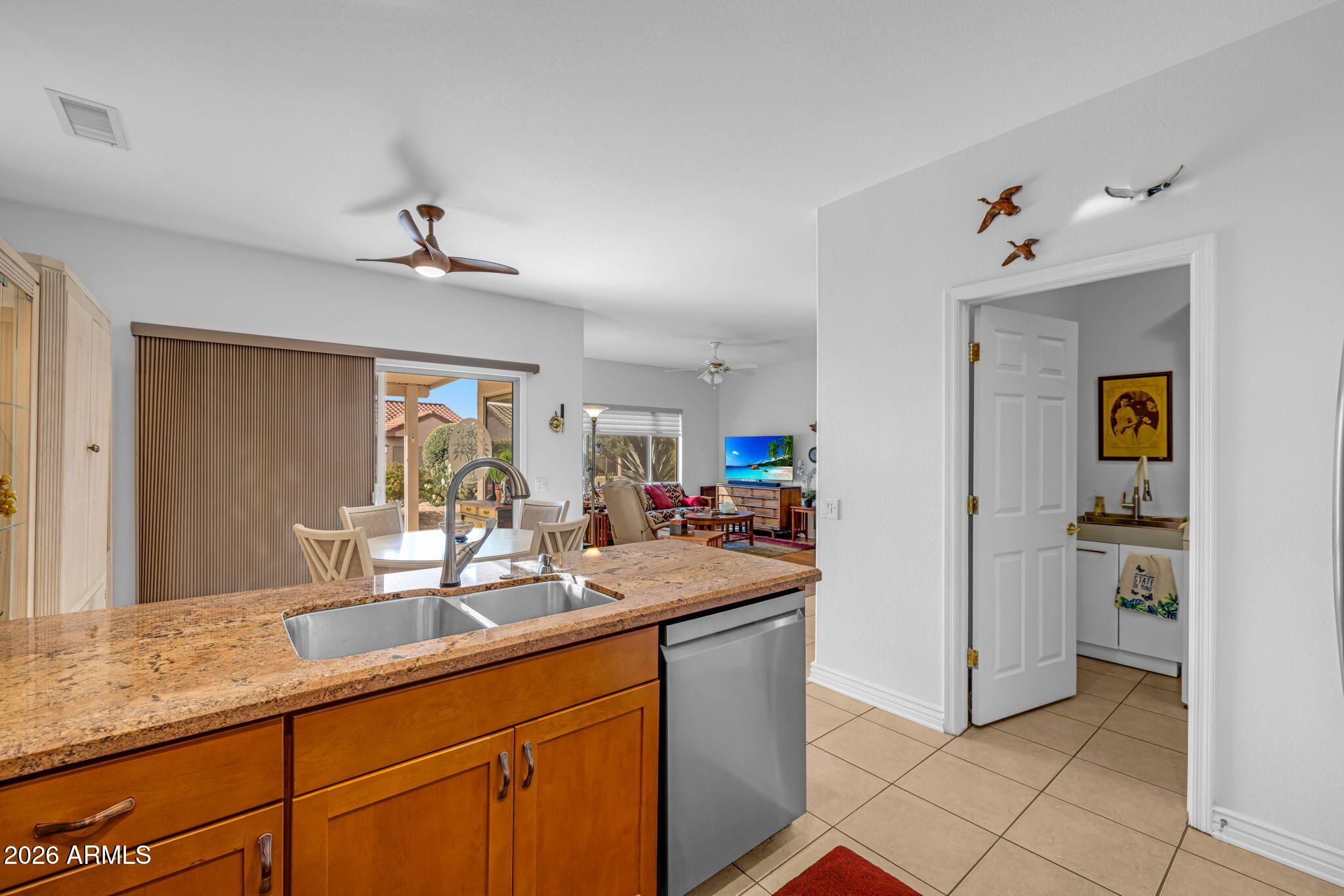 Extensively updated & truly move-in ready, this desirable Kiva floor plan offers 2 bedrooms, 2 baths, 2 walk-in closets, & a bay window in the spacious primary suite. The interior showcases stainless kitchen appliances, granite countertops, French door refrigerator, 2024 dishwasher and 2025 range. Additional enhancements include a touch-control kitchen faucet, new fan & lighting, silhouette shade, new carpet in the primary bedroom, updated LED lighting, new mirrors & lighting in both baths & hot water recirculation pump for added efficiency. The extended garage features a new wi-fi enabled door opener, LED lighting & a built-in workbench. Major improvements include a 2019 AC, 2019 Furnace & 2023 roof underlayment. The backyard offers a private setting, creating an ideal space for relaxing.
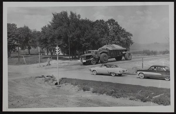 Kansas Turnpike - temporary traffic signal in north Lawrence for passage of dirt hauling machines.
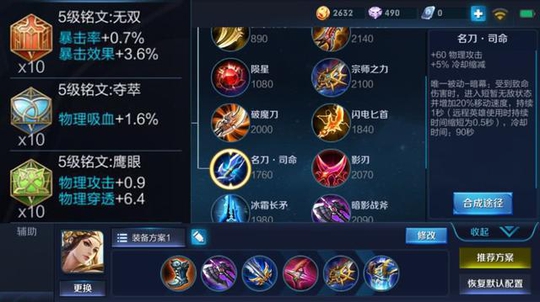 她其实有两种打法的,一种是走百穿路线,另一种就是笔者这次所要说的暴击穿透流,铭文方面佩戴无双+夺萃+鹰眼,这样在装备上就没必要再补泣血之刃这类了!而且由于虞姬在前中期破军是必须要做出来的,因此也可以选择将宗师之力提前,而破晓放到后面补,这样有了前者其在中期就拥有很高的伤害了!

________________________

_What you need to do_.
Extract, word for word, each line from the one that contains "Kansas Turnpike - temporary" through the final line of the data above. Leave the pictures out.

_Result below_.
 Kansas Turnpike - temporary traffic signal in north Lawrence for passage of dirt hauling machines.
 她其实有两种打法的,一种是走百穿路线,另一种就是笔者这次所要说的暴击穿透流,铭文方面佩戴无双+夺萃+鹰眼,这样在装备上就没必要再补泣血之刃这类了!而且由于虞姬在前中期破军是必须要做出来的,因此也可以选择将宗师之力提前,而破晓放到后面补,这样有了前者其在中期就拥有很高的伤害了!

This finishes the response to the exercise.